# Potential Client for Someone in San Francisco



## WoodshopJoe (Jun 22, 2009)

I had a lady contact me on my web site looking for someone to rework an antique bed to fit a queen size mattress. I am assuming it is larger than that already but I am not sure. If you feel your skills are up to the task send me an email with your contact info and I will forward it on to her so that she can contact you. I would do it myself but the shipping would be cost prohibitive since I am in Wisconsin, so I told her I would try to find someone closer to her. She said she lives in the East Bay area.


----------



## a1Jim (Aug 9, 2008)

To far away for me.


----------



## studie (Oct 14, 2009)

I wonder but not sure. Older beds were full size or double? So a queen is larger in size? A1 Jim & I could hitchhike there & save the freight?
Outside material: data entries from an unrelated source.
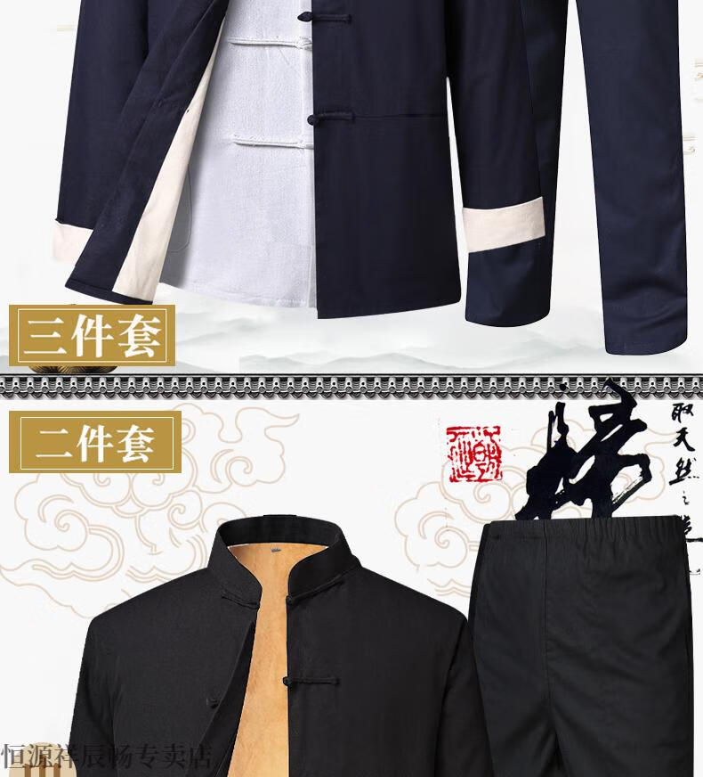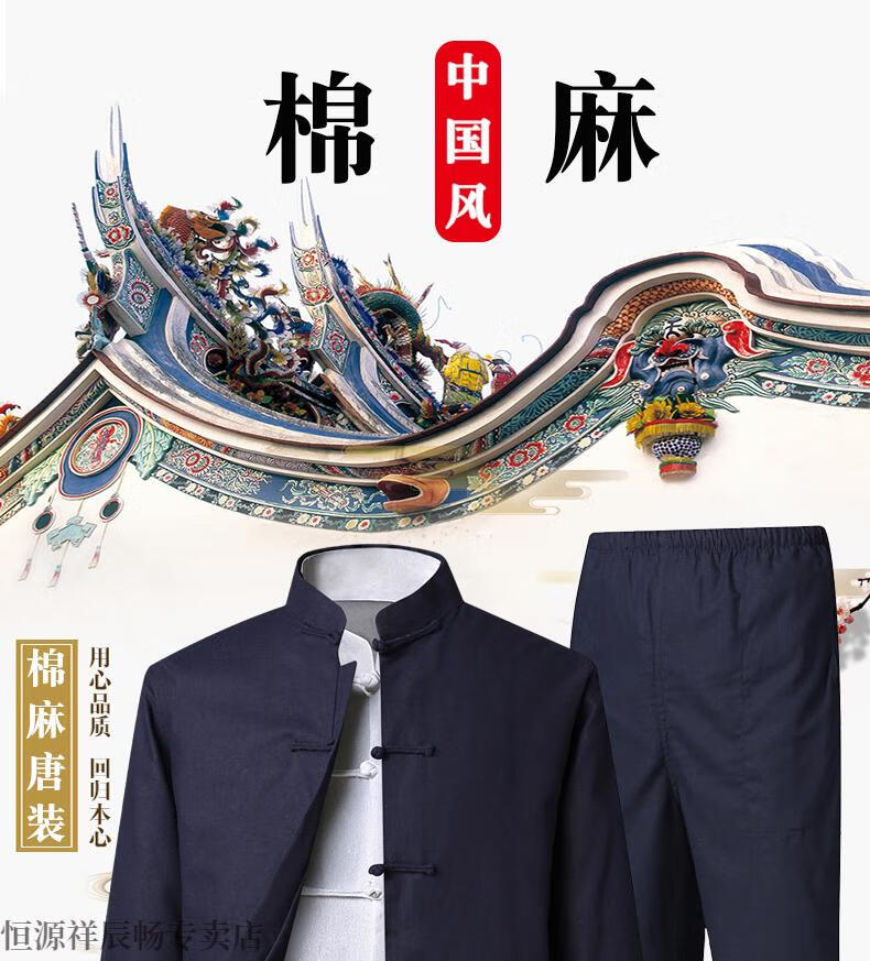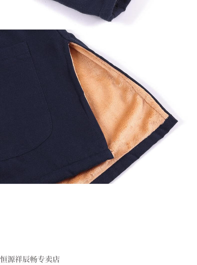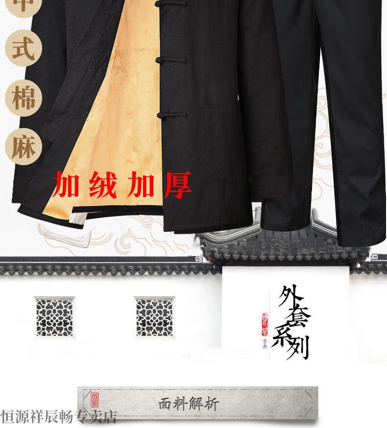 Hengyuanxiang Autumn and Winter Tang Suit Men's Suit Thickened and Velvet Chinese Style Cotton and Linen Solid Color Loose Large Long Sleeve Warm Ethnic Color Brown Plus Velvet Suit M 170
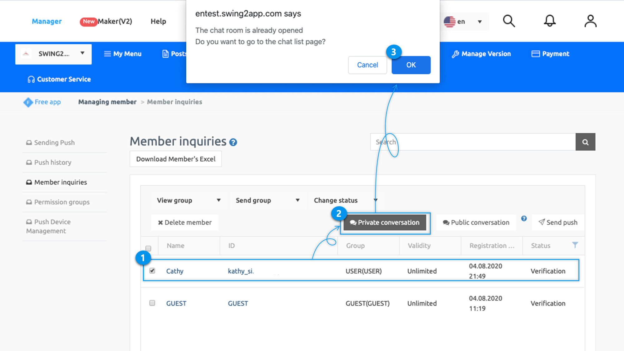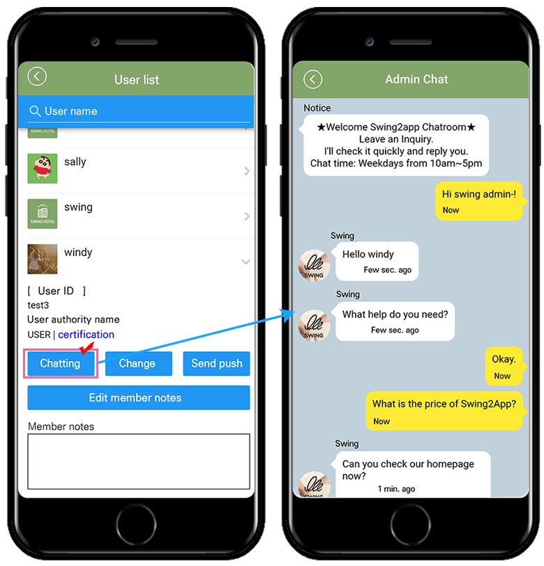 Administrators can chat by selecting members from the member inquiry menu provided on the Swing2App web(app operation page).
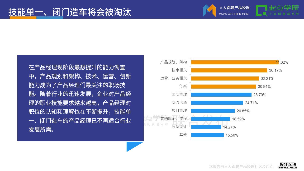 在产品经理现阶段最想提升的能力调查中,产品规划和架构、技术、运营、创新能力成为了产品经理们最关注的职场技能。随着行业的迅速发展,企业对产品经理的职业技能要求越来越高,产品经理对职位的认知和理解也在不断提升,技能单一、闭门造车的产品经理已不再适合行业发展所需。
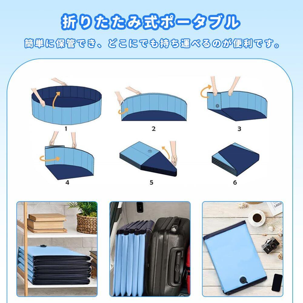 【様々な用途&サービス】このプールは、ペットも使えますし、子供も使えます。折りたたみ式ので、コンパクトに収納できて、簡単に持ち運べるので、屋内、お庭、ビーチ、屋外などいつでもどこでも簡単に使用できます。水遊びプール、玩具収納用、砂遊び用など、アクアリューム、様々な場合で活躍しています。
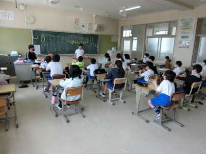 5の1は、学級の組織を話し合っているのかな。 5の2は、新品のテキストを配付し、記名中。
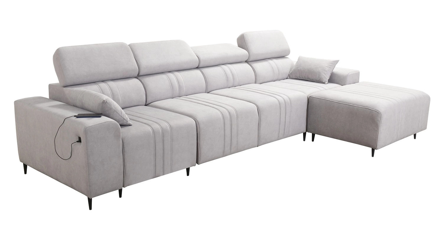 Mezi doplňky tohoto nábytku, které ocení všichni uživatelé, patří kontejner na lůžkoviny, nastavitelné opěrky hlavy a nabíjecí zásuvka USB na boku rohové skříně.
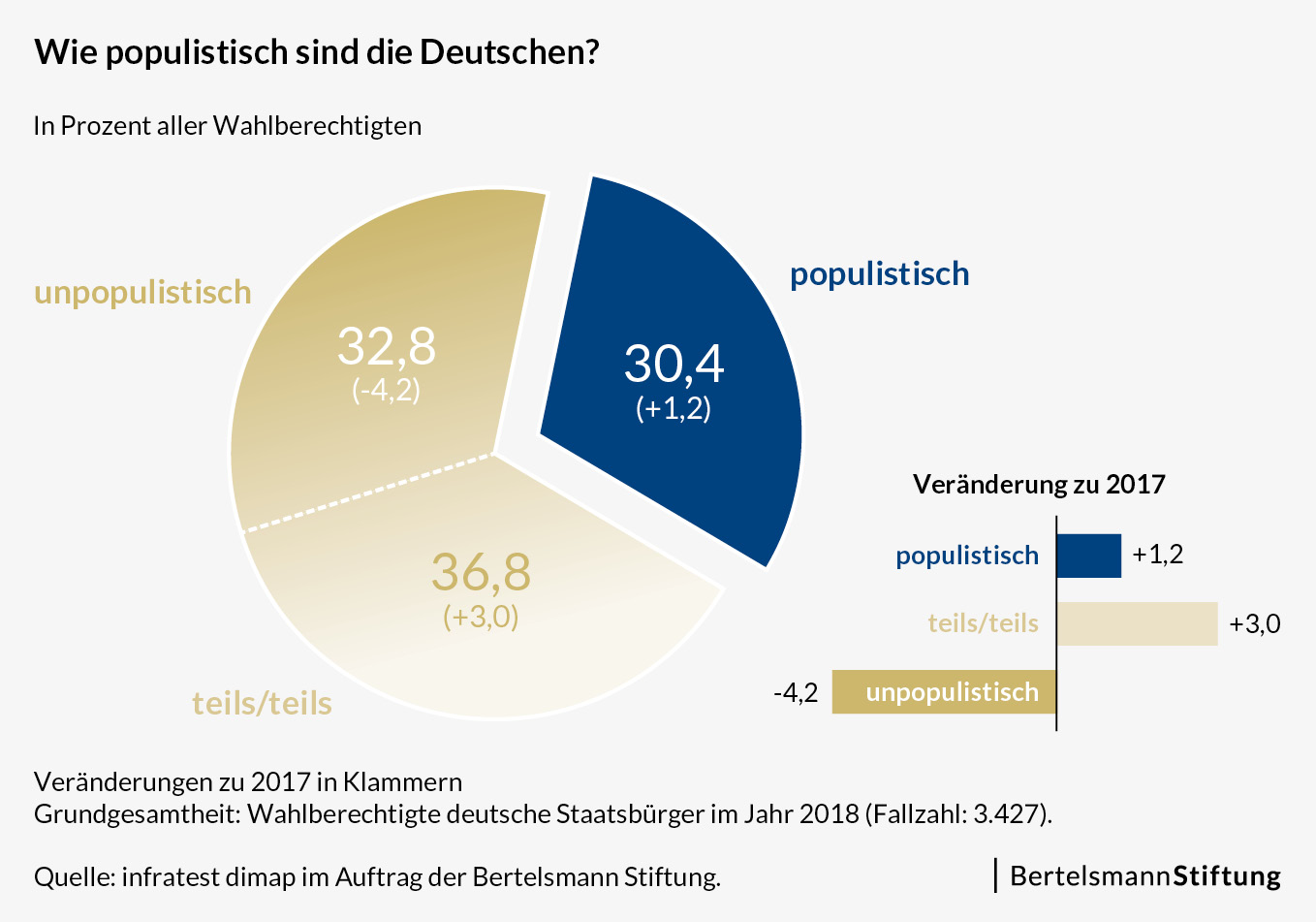 Die Wählerschaft in Deutschland ist zunehmend populistisch eingestellt. Knapp jeder dritte Wahlberechtigte (30,4 Prozent) in Deutschland unterstützt laut dem neuen Populismusbarometer alle abgefragten populistischen Positionen. Das ist etwas mehr als im Vorjahr (29,2 Prozent). Gleichzeitig ist die Gruppe der eindeutig unpopulistischen Wähler auf 32,8 Prozent gesunken (2017: 36,9 Prozent). Dabei gilt: Je höher der Bildungsgrad und das Einkommen, desto weniger verbreitet sind populistische Einstellungen. Die größten Verschiebungen verzeichnet die Studie in der politischen Mitte: Hier nehmen die populistischen Einstellungen am stärksten zu und die unpopulistischen Einstellungen am stärksten ab.

LOL


----------



## WoodshopJoe (Jun 22, 2009)

I will shoot her an email to find out what size the bed is now.


----------



## WoodshopJoe (Jun 22, 2009)

OK, so this just got a bit more complicated. Studie was correct, the current bed is a double bed (54" x 75") and she wants the bed to fit a queen (60"x80"). She sounds very eager to have this done. I haven't seen any photos so not sure exactly how this is going to be done but someone with a creative mind I'm sure could help her out.


----------



## TraumaJacques (Oct 25, 2008)

I did something similar to this last summer. (Actually I think I started a blog about it got to look into that) anyway let me tell you that it is not simple to incorporate new and old into a design. The whole project was a pain. Antway like Jim it is too far.


----------



## GaryC (Dec 31, 2008)

You can buy a kit, very inexpensive, that makes the conversion. I did it on one of our antique beds. All you are doing is allowing it to hold a larger matteress. It's done with brackets. If she still wants the bed rails to show, that's a different matter. Then the bed will have to be altered, losing the "antique" value.


----------